All lines below starting at the one that holds "fitted kesim, yakalı" and ending at the one that holds "Die Wohnung verfügt" should be printed exactly, ends included. Pictures should not be printed, nor anything else.

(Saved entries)
____________________
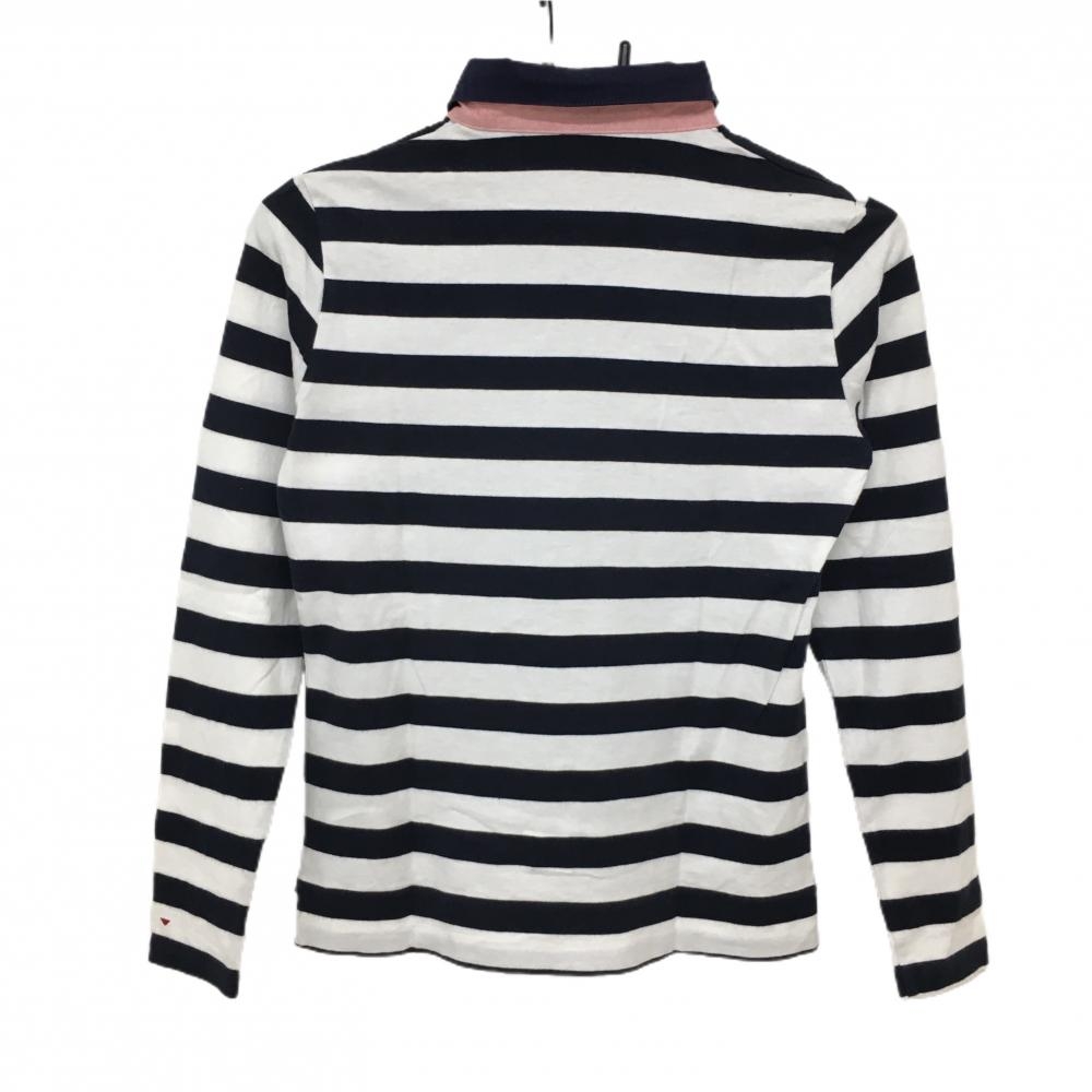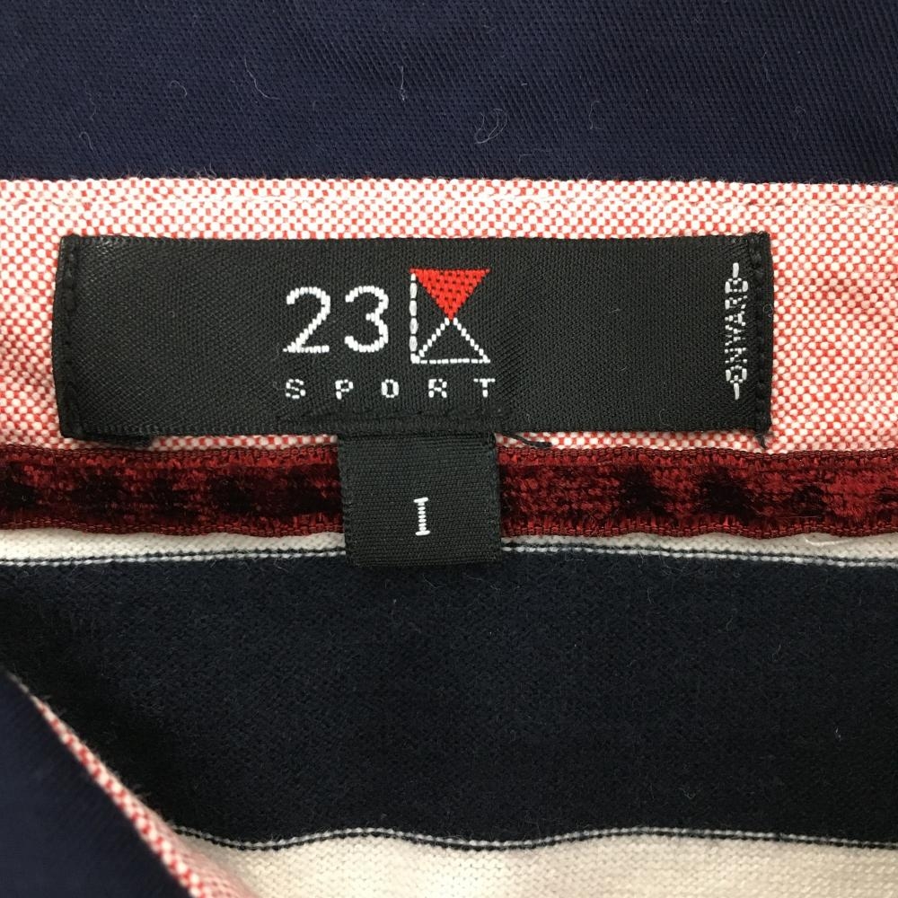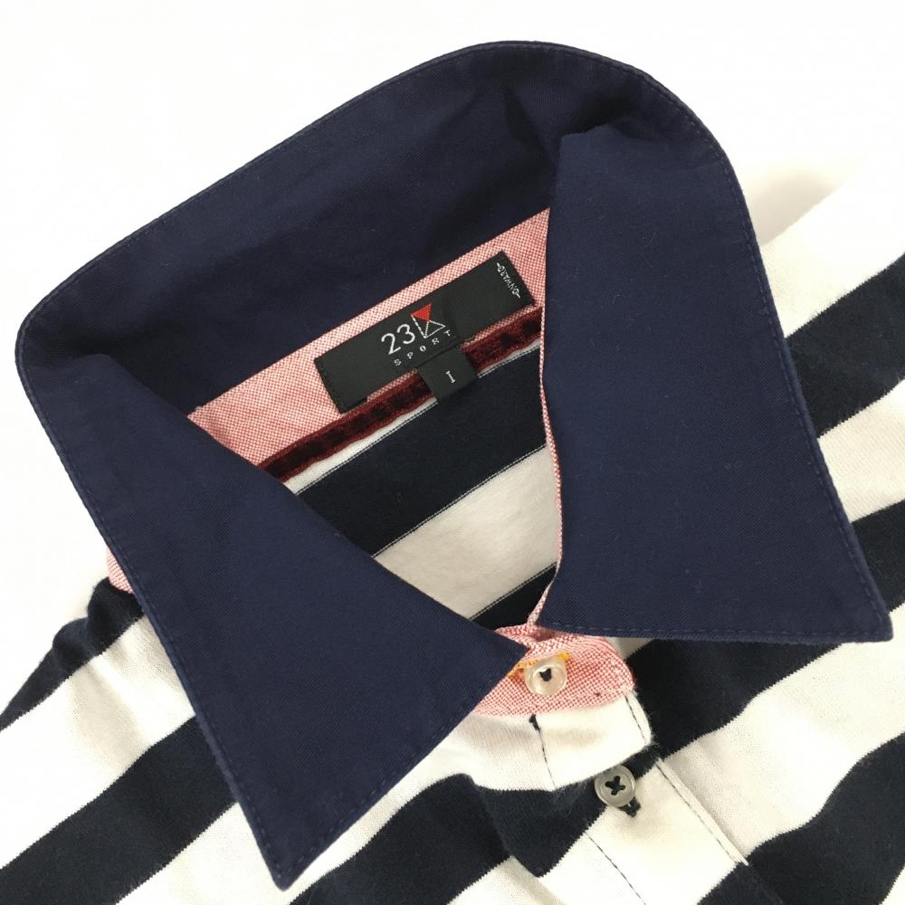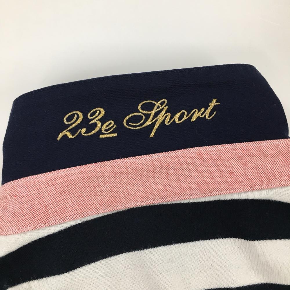 23区スポーツ 長袖ポロシャツ ネイビー×白 ボーダー 襟裏ロゴ レディース I(M ) ゴルフウェア 23区
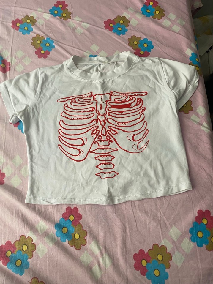 fitted kesim, yakalı ve kısa kollu, yumuşak sentetik kumaştan kırmızı iskelet baskılı goth punk tarzı gömlek.
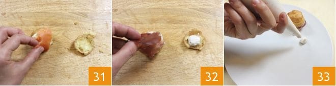 Poursuivez en garnissant les choux restants avec la crème au chèvre et une tranche de saumon 31 et avec la crème au jambon cuit et une tranche de bresaola 32. N'oubliez pas de conserver une ou deux tranches de saumon et de bresaola, qui vous serviront à réaliser la décoration du plat. Pour présenter ce plat de manière sympathique et efficace, vous pouvez disposer les choux garnis en pyramide. Pour commencer, pressez une goutte de crème au choix sur un plat de service assez large 33.
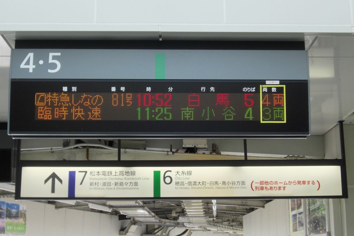 なお、当初はこの列車に往復とも乗車する予定でいましたが、松本駅から先で考えていた行程通りになるか読めないこと等の理由で、南小谷からはJR西日本の大糸線で糸魚川に向かいました。
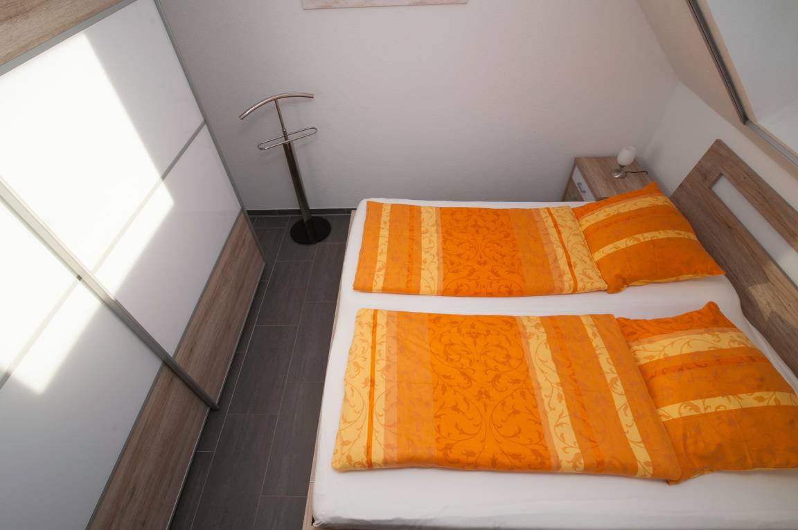 Die Wohnung verfügt über ein Schlafzimmer mit einem Doppelbett (2 x 90 x 200 cm) und großem Kleiderschrank sowie ein weiteres Schlafzimmer im großzügigen Studio unter dem Dach mit 2 Einzelbetten (90 x 200 cm) und einem 40 Zoll Flachbild-TV.
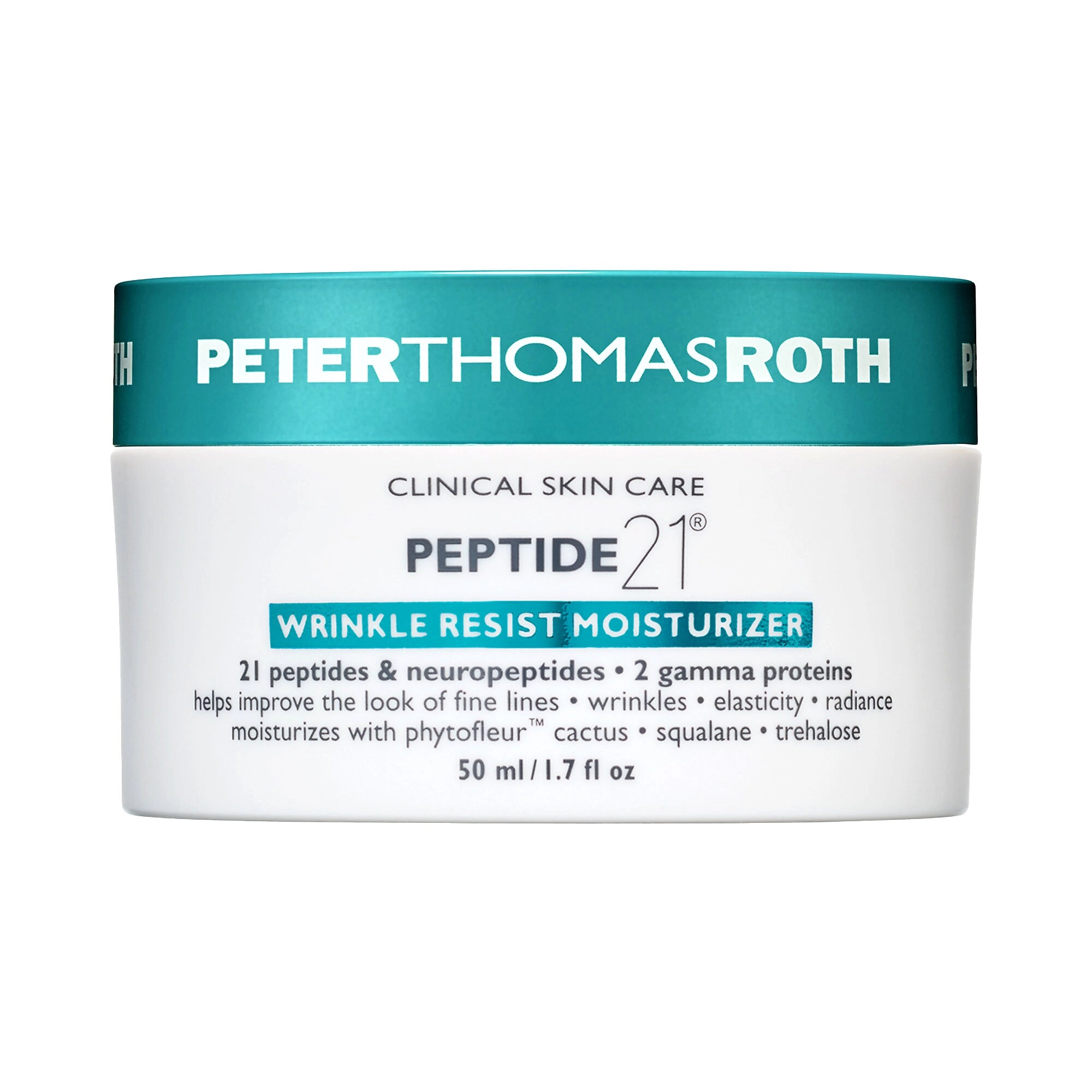Experience the power of peptides with the Peter Thomas Roth Peptide 21® Wrinkle Resist Moisturizer. This lightweight yet intensely hydrating cream is formulated with a complex of 21 peptides and neuropeptides, along with two gamma proteins, to combat the signs of aging and deliver a youthful, radiant complexion.
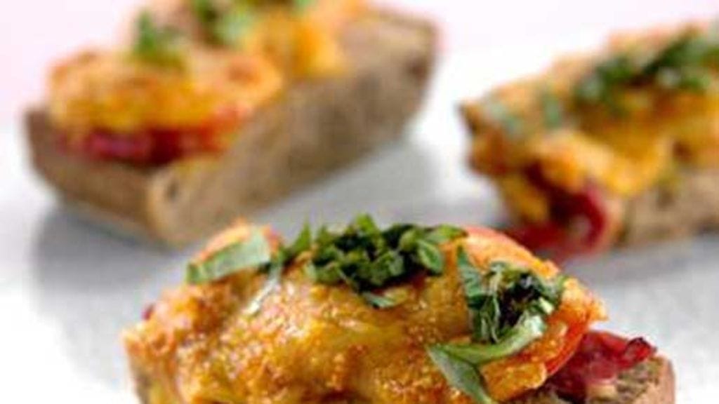 Ripottele pinnalle parmesaanilastuja. Paahda uunissa 225 asteisen toiseksi ylimmällä tasolla noin 5 min. Tarjoile alkupalana tai keiton kanssa.
____________________
Solution to the problem:
 fitted kesim, yakalı ve kısa kollu, yumuşak sentetik kumaştan kırmızı iskelet baskılı goth punk tarzı gömlek.
 Poursuivez en garnissant les choux restants avec la crème au chèvre et une tranche de saumon 31 et avec la crème au jambon cuit et une tranche de bresaola 32. N'oubliez pas de conserver une ou deux tranches de saumon et de bresaola, qui vous serviront à réaliser la décoration du plat. Pour présenter ce plat de manière sympathique et efficace, vous pouvez disposer les choux garnis en pyramide. Pour commencer, pressez une goutte de crème au choix sur un plat de service assez large 33.
 なお、当初はこの列車に往復とも乗車する予定でいましたが、松本駅から先で考えていた行程通りになるか読めないこと等の理由で、南小谷からはJR西日本の大糸線で糸魚川に向かいました。
 Die Wohnung verfügt über ein Schlafzimmer mit einem Doppelbett (2 x 90 x 200 cm) und großem Kleiderschrank sowie ein weiteres Schlafzimmer im großzügigen Studio unter dem Dach mit 2 Einzelbetten (90 x 200 cm) und einem 40 Zoll Flachbild-TV.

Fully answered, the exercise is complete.